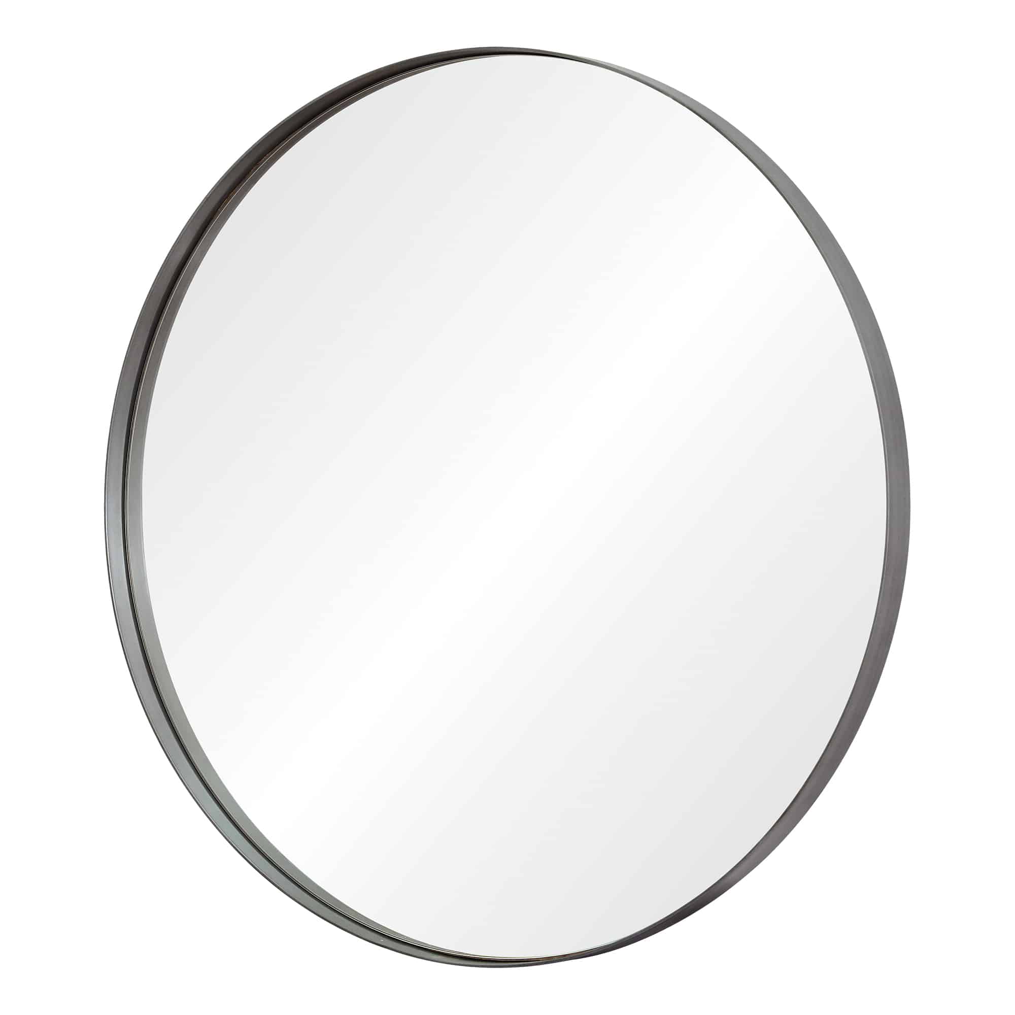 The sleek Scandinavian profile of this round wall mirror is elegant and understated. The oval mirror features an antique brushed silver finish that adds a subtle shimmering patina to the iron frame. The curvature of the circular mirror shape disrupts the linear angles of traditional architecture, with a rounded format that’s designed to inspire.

==

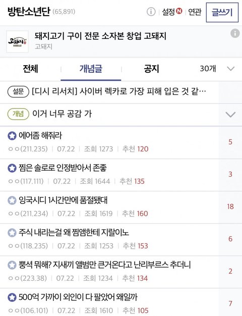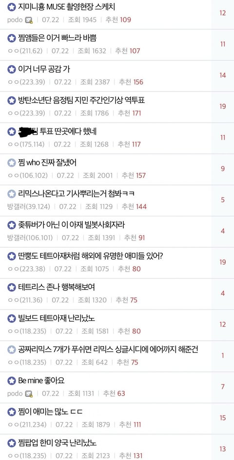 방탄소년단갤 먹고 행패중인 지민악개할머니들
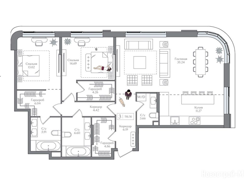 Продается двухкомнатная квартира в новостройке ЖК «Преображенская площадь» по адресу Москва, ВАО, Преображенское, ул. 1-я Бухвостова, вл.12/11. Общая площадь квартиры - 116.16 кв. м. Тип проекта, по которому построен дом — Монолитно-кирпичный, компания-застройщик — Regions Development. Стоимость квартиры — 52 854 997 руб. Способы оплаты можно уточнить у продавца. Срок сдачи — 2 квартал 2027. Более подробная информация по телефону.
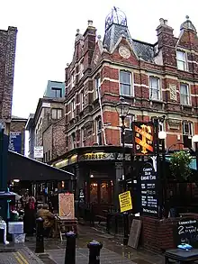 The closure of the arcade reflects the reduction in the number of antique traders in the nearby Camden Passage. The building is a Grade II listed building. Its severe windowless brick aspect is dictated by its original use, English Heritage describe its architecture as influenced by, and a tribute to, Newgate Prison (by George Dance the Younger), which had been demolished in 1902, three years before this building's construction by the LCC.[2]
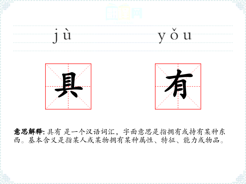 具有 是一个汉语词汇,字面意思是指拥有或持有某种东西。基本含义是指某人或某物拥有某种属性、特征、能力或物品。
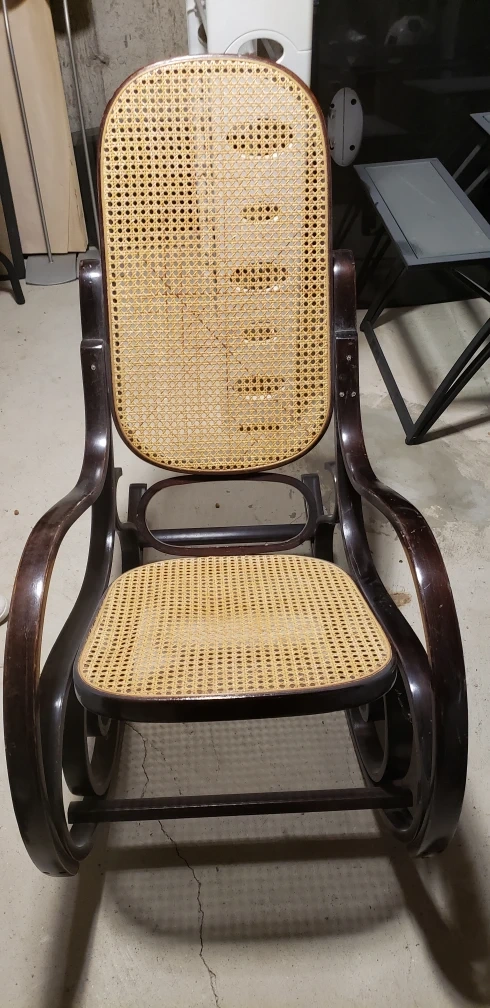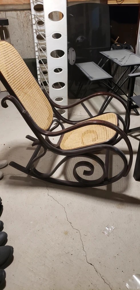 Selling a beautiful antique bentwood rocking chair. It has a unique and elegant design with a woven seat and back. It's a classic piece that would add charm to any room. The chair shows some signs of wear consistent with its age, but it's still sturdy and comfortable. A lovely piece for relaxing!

==

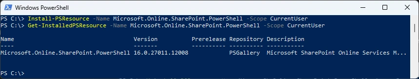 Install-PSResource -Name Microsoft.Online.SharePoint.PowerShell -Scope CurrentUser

*Task item*: Above are records; repeat only the lines from the line with "방탄소년단갤 먹고 행패중인 지민악개할머니들" through the line with "Selling a beautiful", and leave pictures out.

*Task solution*:
 방탄소년단갤 먹고 행패중인 지민악개할머니들
 Продается двухкомнатная квартира в новостройке ЖК «Преображенская площадь» по адресу Москва, ВАО, Преображенское, ул. 1-я Бухвостова, вл.12/11. Общая площадь квартиры - 116.16 кв. м. Тип проекта, по которому построен дом — Монолитно-кирпичный, компания-застройщик — Regions Development. Стоимость квартиры — 52 854 997 руб. Способы оплаты можно уточнить у продавца. Срок сдачи — 2 квартал 2027. Более подробная информация по телефону.
 The closure of the arcade reflects the reduction in the number of antique traders in the nearby Camden Passage. The building is a Grade II listed building. Its severe windowless brick aspect is dictated by its original use, English Heritage describe its architecture as influenced by, and a tribute to, Newgate Prison (by George Dance the Younger), which had been demolished in 1902, three years before this building's construction by the LCC.[2]
 具有 是一个汉语词汇,字面意思是指拥有或持有某种东西。基本含义是指某人或某物拥有某种属性、特征、能力或物品。
 Selling a beautiful antique bentwood rocking chair. It has a unique and elegant design with a woven seat and back. It's a classic piece that would add charm to any room. The chair shows some signs of wear consistent with its age, but it's still sturdy and comfortable. A lovely piece for relaxing!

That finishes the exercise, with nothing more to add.